Chamath Palihapitiya expected to become Chair of Akili's Board of Directors upon transaction close. Akili announced the nominees for its future board of directors, effective upon the closing of Akili's business combination with SCS. Akili's public company board of directors is expected to consist of seven directors, with several new and recent additions, including William (BJ) Jones, Christine Lemke, Ken Ehlert, and Chamath Palihapitiya. Nominees also include existing Akili directors Bharatt Chowrira, Adam Gazzale and Eddie Martucci. The Closing is subject to the satisfaction or waiver of certain closing conditions contained in the Merger Agreement, approval by SCS's and Akili's shareholders, regulatory approvals, expiration or termination of the waiting period under the Hart-Scott-Rodino Antitrust Improvements Act, as amended, SCS have at least $5,000,001 of net tangible assets upon the closing, receipt of approval for listing on Nasdaq the shares of SCS Common Stock to be issued in connection with the business combination, effectiveness of the registration statement on Form S-4 to be filed by SCS in connection with the business combination and other customary closing conditions. The proposed business combination, which has been unanimously approved by the Boards of Directors of both Akili and SCS. SCS shareholders approved the transaction in an Extraordinary General Meeting held on August 18, 2022. The transaction is expected to close in mid-2022. Akili plans to use the net proceeds to help fund the Company's go-to-market strategy, to further advance its pipeline of prescription digital therapeutics targeting a range of chronic and acute cognitive disorders, and for other general corporate purposes.

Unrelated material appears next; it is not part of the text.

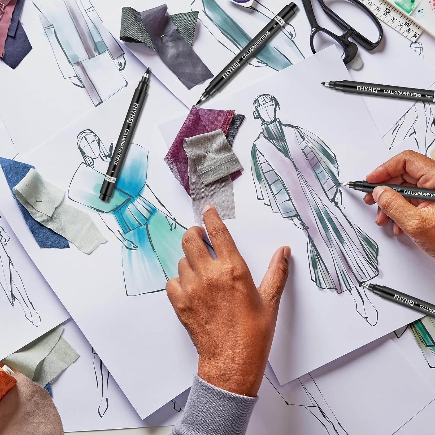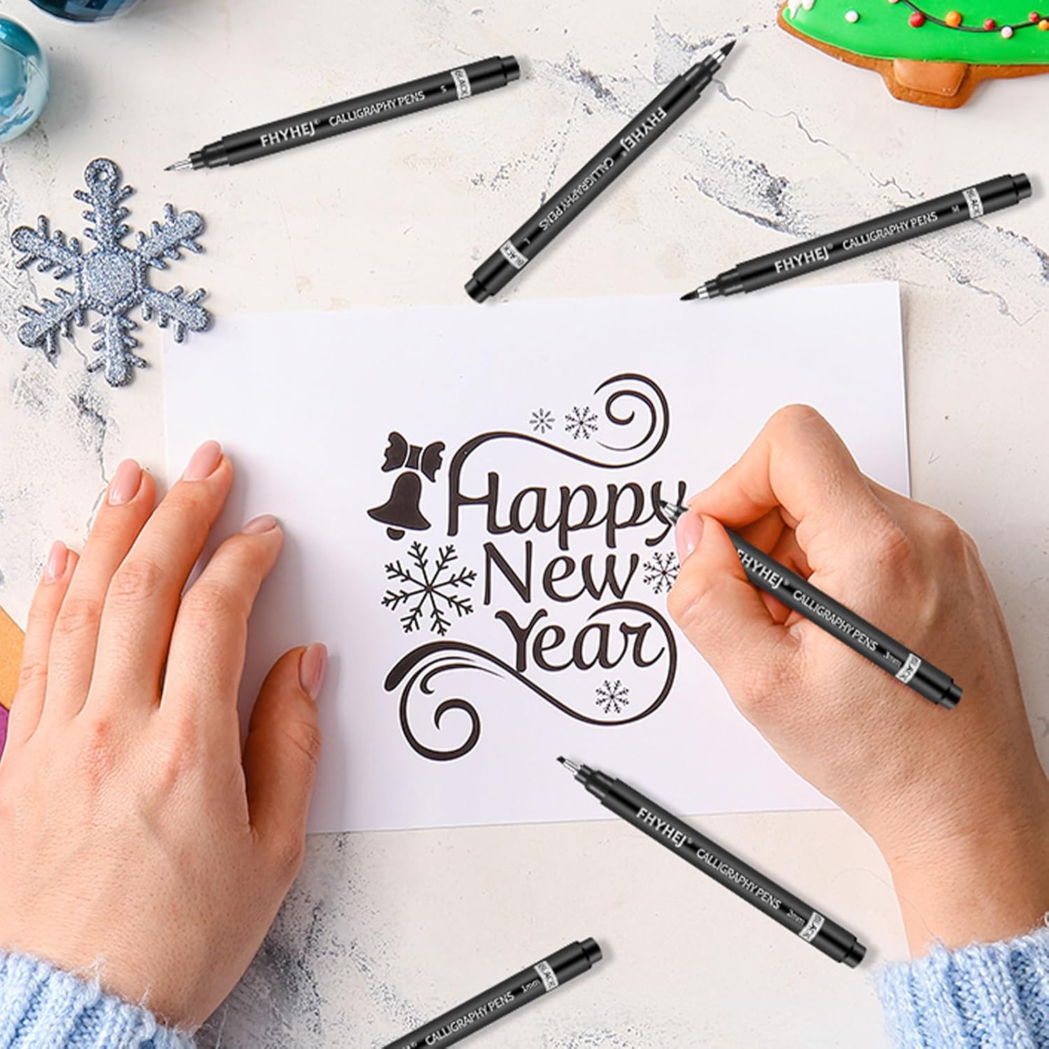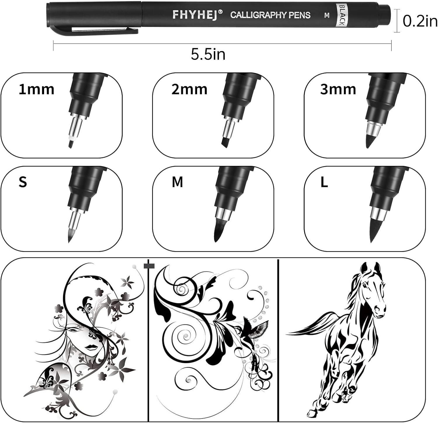 6-Size Calligraphy Pen Set for Writing, Drawing & Hand Lettering, Black Ink Brush Markers for Art, Calligraphy, and Sketching
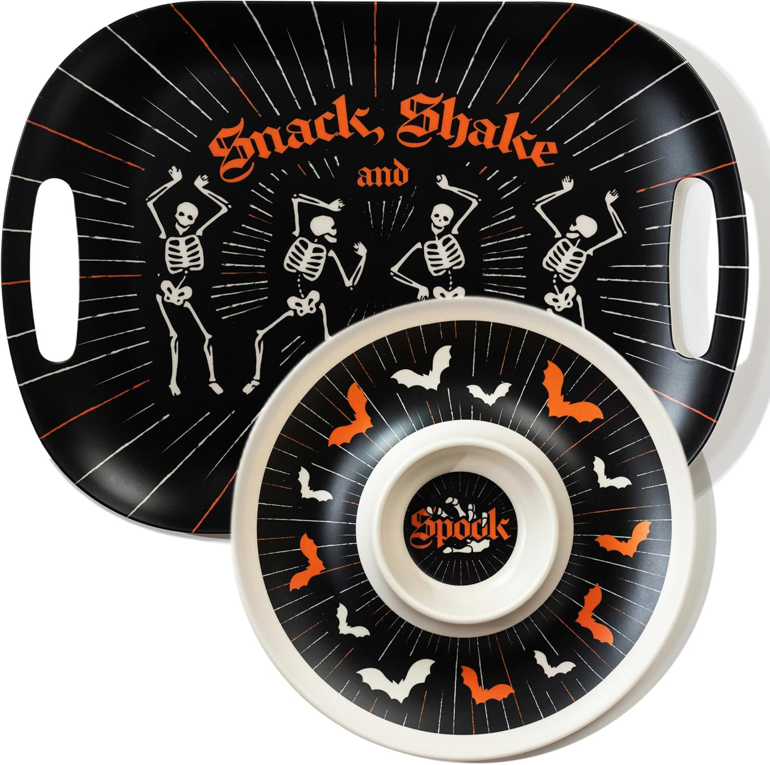 Oasis Choice 2-Pack Halloween Skeleton Serving Trays, 18" Large Handled Tray & 13" Chip & Dip Platter for Horror Party, BBQ, picnics and Birthday Decor (Bamboo Fiber, Black, 18inch)

Morgan Stanley & Co. LLC (“Morgan Stanley”) and Cowen and Company, LLC (“Cowen”) are serving as financial advisors to Akili. Arthur R. McGivern, Daniel J. Espinoza and Sarah Ashfaq of Goodwin Procter LLP is serving as legal counsel to Akili. Raaj S. of Wachtell, Lipton, Rosen & Katz is serving as legal advisor to SCS. Morrow & Co., LLC acted as proxy solicitor and Social Capital has agreed to pay Morrow Sodali LLC a fee of $32,500, plus disbursements. Continental Stock Transfer & Trust Company acted as transfer agent to SCS. KPMG LLP provided tax, commercial and financial due diligence services to SCS.